Information shown Block Start

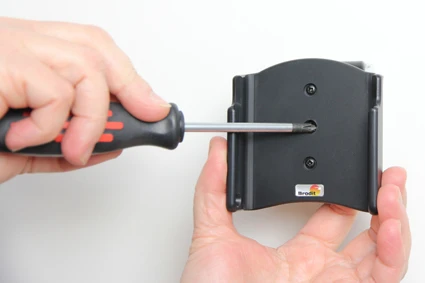 Place the holder over the attaching plate so the screw fits in the hole in the tilt swivel. Screw a few turns on the screw, just so the thread starts to pull. Pull the holder toward you and hold it slightly tensed, in the same time tighten the screw so the holder is pulled toward the tilt swivel. Tighten the screw firm at first, then loosen it a bit so the holder is firmly in place, but still can be adjusted.
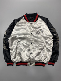Its a sukajan or souvenir jacket made of satin from polyester fabric. Embroidery is insane in its logo on the sleeves and front and back hits. Tagged as large. Minor dot mark and slight stains (see last pics) Acme skateboards was born in 1991 during the peak of skateboarding by Jim Gray. Check pics and measurements.
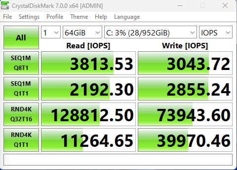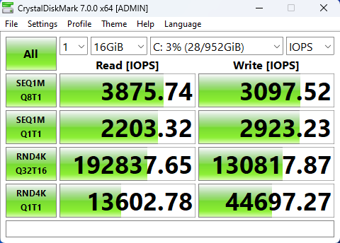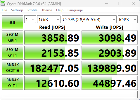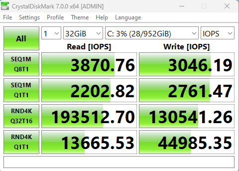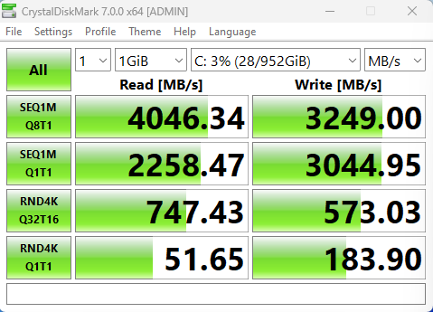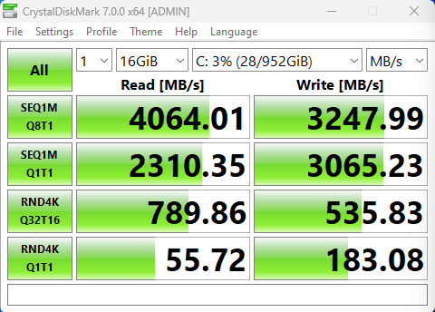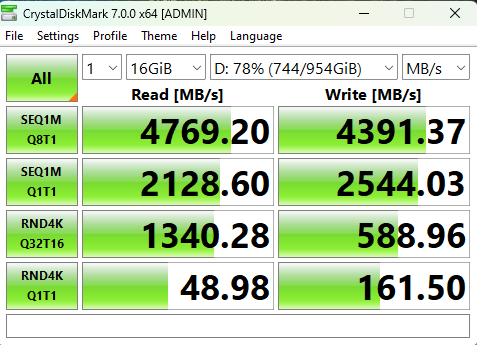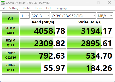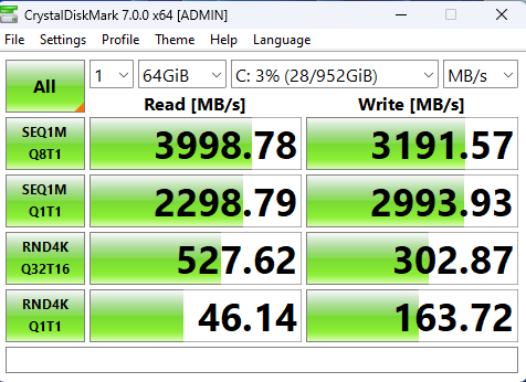Как можно видеть со скриншотов, максимальная скорость линейного чтения составила около 4000МБ/c, а максимальная скорость линейной записи, была в районе 3200МБ/c. По скорости случайного чтения блоками по 4КБ, тоже всё нормально, по меркам бюджетного NVMe SSD.
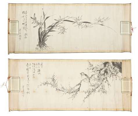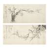 林雲亭 蘭及花鳥圖 水墨紙本 卷軸(共兩幅)

Information shown Block End

*Requirement*. The answer should contain nothing but the lines from the top of the data above through the line containing "Its a sukajan", copied exactly, with no images.

*Result*.
 Place the holder over the attaching plate so the screw fits in the hole in the tilt swivel. Screw a few turns on the screw, just so the thread starts to pull. Pull the holder toward you and hold it slightly tensed, in the same time tighten the screw so the holder is pulled toward the tilt swivel. Tighten the screw firm at first, then loosen it a bit so the holder is firmly in place, but still can be adjusted.
Its a sukajan or souvenir jacket made of satin from polyester fabric. Embroidery is insane in its logo on the sleeves and front and back hits. Tagged as large. Minor dot mark and slight stains (see last pics) Acme skateboards was born in 1991 during the peak of skateboarding by Jim Gray. Check pics and measurements.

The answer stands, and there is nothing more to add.